When users click titles in the
results page of the enterprise search application or content analytics
miner, the corresponding Exchange Server item is shown through OWA.
If the user has MailboxPermission to the mailbox that contains the
search results, the user can also open the item through OWA. However,
if the user has MailboxFolderPermission or Delegation to the mailbox
that contains the search results, the user must access the following
URL before clicking the title to access the item, where
user's_primarySmtpAddress is
the address that the search results originally belong to
https://hostname/OWA/user's_primarySmtpAddress/?cmd=contents
The
Exchange Server crawler generates
original URIs for crawled documents. The crawler uses IDs for the
URI that are unique values among items and attachments. If a document
is an item, the URI is formatted as follows:
exchadp://hostname/mailbox_name/itemId=itemId&owa=owaURL
If
document is an attachment, URI is formatted as follows:
exchadp://hostname/mailbox_name/attachmentId=attachmentId&owa=owaURL
FileNet P8 crawlers
The
URI format for documents that are crawled by a
FileNet P8 crawler is:
p8ce://host_name:port/object_store/object_id[/element_number]?protocol=http
- Parameters
- URL encoding is applied to all of the fields.
- host_name
- A host name of a server on which the IBM FileNet Content Engine runs.
- port
- A port number on which the Content Engine Web
Service runs.
- object_store
- A name of an object store in which a document is stored.
- object_id
- A globally unique identifier (GUID) assigned by the Content Engine to a stored object. A character
string that contains 38 characters, the GUID consists of a left curly
brace, 8 hexadecimal characters, a dash, 4 hexadecimal characters,
a dash, 4 hexadecimal characters, a dash, 4 hexadecimal characters,
a dash, 12 hexadecimal characters, and a right curly brace. Braces
are encoded by URL encoding rules. For example:
%7B1234abcd-56ef-7a89-9fe8-7d65cd43ba21%7D
- element_number
- An index of content elements. This variable is appended only when
a URI points to a document that contains multiple content elements.
- protocol
- A protocol for accessing the Web Service. Valid values are http or https.
- Example
p8ce://host.filenet.com:9080/STORE1/{1234abcd-56ef-7a89-9fe8-7d65cd43ba21}/2
JDBC database crawlers
The
URI format for documents that are crawled by a
JDBC database crawler is:
jdbc://DB_URL/Table_Name
/Unique_Identifier_Column_Name1/Unique_Identifier_Value1
/[Unique_Identifier_Column_Name2/Unique_Identifier_Value2
/.../Unique_Identifier_Column_NameN/Unique_Identifier_ValueN]
- Parameters
- URL encoding is applied to all of the fields.
- DB_URL
- The URL for the database.
- Table_Name
- The name of the target table, including the name of the schema.
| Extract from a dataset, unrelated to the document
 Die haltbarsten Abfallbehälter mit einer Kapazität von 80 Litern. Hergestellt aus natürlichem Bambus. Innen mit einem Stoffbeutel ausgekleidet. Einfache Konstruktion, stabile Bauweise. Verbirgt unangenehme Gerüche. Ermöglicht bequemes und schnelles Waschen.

- Unique_Identifier_Column_Name1
- The name of the first Unique Identifier column in the table.
- Unique_Identifier_Value1
- The value of the first Unique Identifier column.
- Unique_Identifier_Column_NameN
- The name of the nth Unique Identifier column in the table.
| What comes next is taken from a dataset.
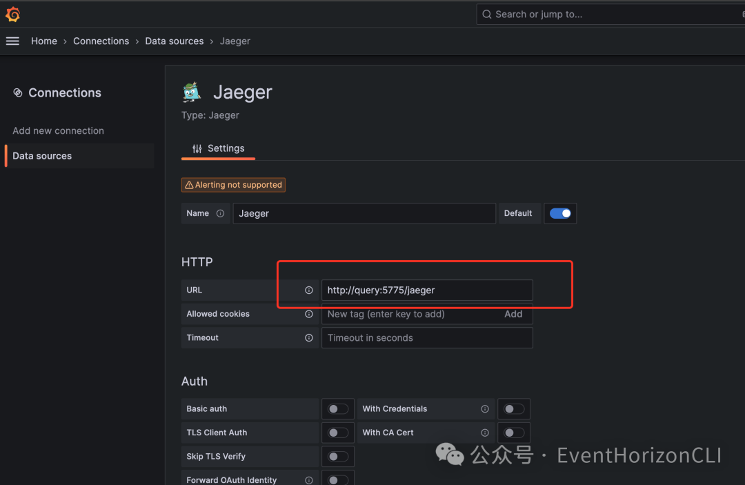 配置 Jaeger 数据源的 URL 为 http://query:5775/jaeger。

- Unique_Identifier_ValueN
- The value of the nth Unique Identifier column.
- Examples:
- DB2 database:
jdbc:db2://host01.svl.ibm.com:50000/SAMPLE/DB2INST1.ORG/DEPTNUMB/51
Oracle
database:
jdbc:oracle:thin:@/host01.svl.ibm.com:1521:ora/SCOTT.EMP/EMPNO/7934
MS
SQL Server 2000 database:
jdbc:microsoft:sqlserver://host01.svl.ibm.com:1433;
DatabaseName=Northwind/dbo.Region/RegionID/100
MS
SQL Server 2005 database:
jdbc:sqlserver://host01.svl.ibm.com:1433;
DatabaseName=Northwind/dbo.Region/RegionID/100
Notes crawlers
The
URI format for documents that are crawled by a
Notes crawler is:
domino://Server_Name[:Port_Number]/Database_Replica_ID/Database_Path_and_Name
/[View_Universal_ID]/Document_Universal_ID
[?AttNo=Attachment_Number&AttName=Attachment_File_Name]
- Parameters
- URL encoding is applied to all of the fields.
- Server_Name
- The name of the Lotus Notes® server.
- Port_Number
- The port number for the Lotus Notes server. The port number is
optional.
- Database_Replica_ID
- The identifier for the database replica.
- Database_Path_and_Name
- The path and file name for the NSF database on the target Lotus
Notes server.
- View_Universal_ID
- The View Universal ID that is defined on the target database.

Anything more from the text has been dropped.